Sequence analysis of RecQ proteins have placed them among the SF2 group of helicases (Gorbalenya and Koonin, 1993), which includes several members with known structures. Consistent with its sequence alignment with other SF2 enzymes, the RecQΔC structure is more closely related to other SF2 family members in structure than to SF1 enzymes.
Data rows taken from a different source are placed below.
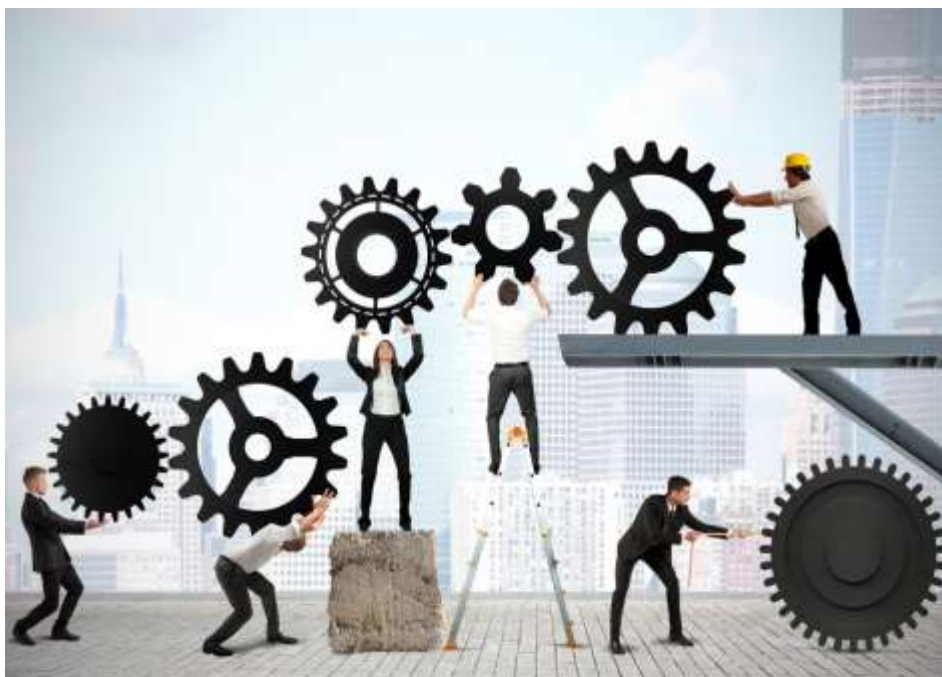
Ilustración 1 Liderazgo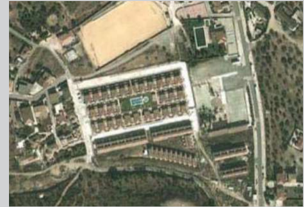
Sector UR-2 | Almogía, Málaga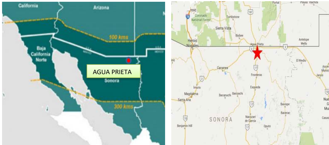
Figura 1 MAPA DE UBICACIÓN DEL PROYECTO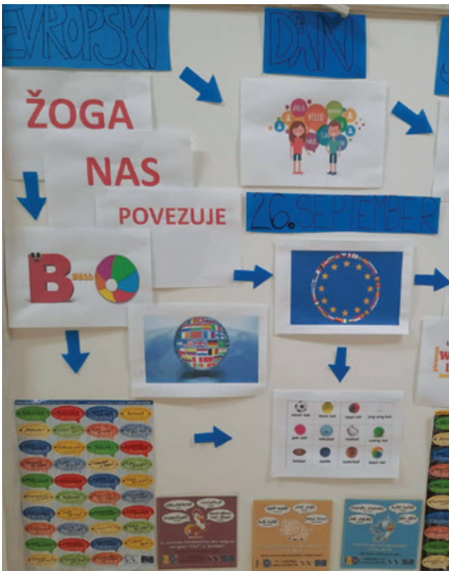
Žoga – letošnji jezikovni izziv.

Žoga je beseda, ki nas je navdihnila ob dnevu jezikov, da smo jo podrobneje spoznali. Je športni pripomoček, ki združuje ljudi ne glede na to, kateri jezik kdo govori.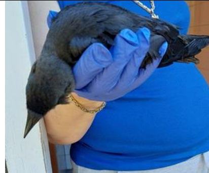
26/5, kauwtje gevonden Afrikalaan. Nog naar de opvang gebracht maar dat mocht niet baten. Lia Claus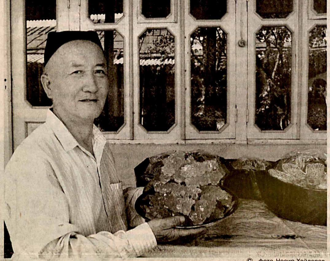
Маҳалланинг ширин новвоти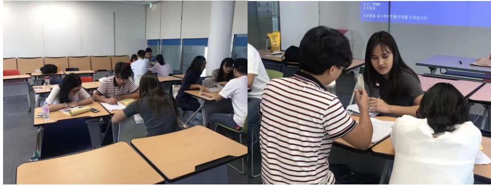
图 6 我与外国同学的课堂讨论

For example, the two RecQΔC helicase lobes align better with hepatitis C virus NS3 helicase (Yao et al., 1997), an SF2 enzyme (DALI Z-score = 14.9 for 224 Cα atoms) than with PcrA helicase (Subramanya et al., 1996), the SF1 enzyme that is most structurally similar to RecQΔC (Z-score = 9.8 for 244 Cα atoms) (Holm and Sander, 1993) (Figure 5). Nevertheless, RecQΔC's similarity with PcrA is still informative. As mentioned above, RecQΔC's mode of ATP binding is quite similar to that seen in PcrA. In addition, a patch of conserved aromatic and charged residues in RecQΔC (residues 156–159, C-terminal to helicase motif II in RecQΔC) map to the same relative surface location as similar residues in PcrA that are used in DNA binding (residues 257–260, C-terminal to motif III in PcrA) (Velankar et al, 1999). This structural conservation between RecQΔC and PcrA could indicate that the enzymes use conserved mechanisms of DNA binding and unwinding. RecQΔC primarily differs from other helicases by its novel accessory elements in the RecQ-Ct domain (Figure 5). These features will most likely prove critical to the specialized functions of RecQ proteins.

Figure 5.

Structural comparison of RecQΔC to representative helicases belonging to the SF1 and SF2 helicase superfamilies. (A) Structures of PcrA (Subramanya et al., 1996) and NS3 (Yao et al., 1997), SF1 and SF2 helicases, respectively, were superimposed on RecQΔC using the structurally related Cα atoms in their N-terminal most helicase subdomains (in red) and then translated to allow visual comparison. Red and blue colors mark the conserved RecA-like folds found in the helicase subdomains of each protein, while grey coloration indicates sequences outside of the RecA fold. An orthogonal view is shown of each protein below the top row. (B) Topology diagrams of PcrA, RecQΔC and NS3. Colors are shown as in (A), with RecQΔC's Zn2+ in magenta. Helices and β-strands in RecQΔC are labeled as in Figure 1B. Diagrams of PcrA and NS3 were adapted from Caruthers and McKay (2002).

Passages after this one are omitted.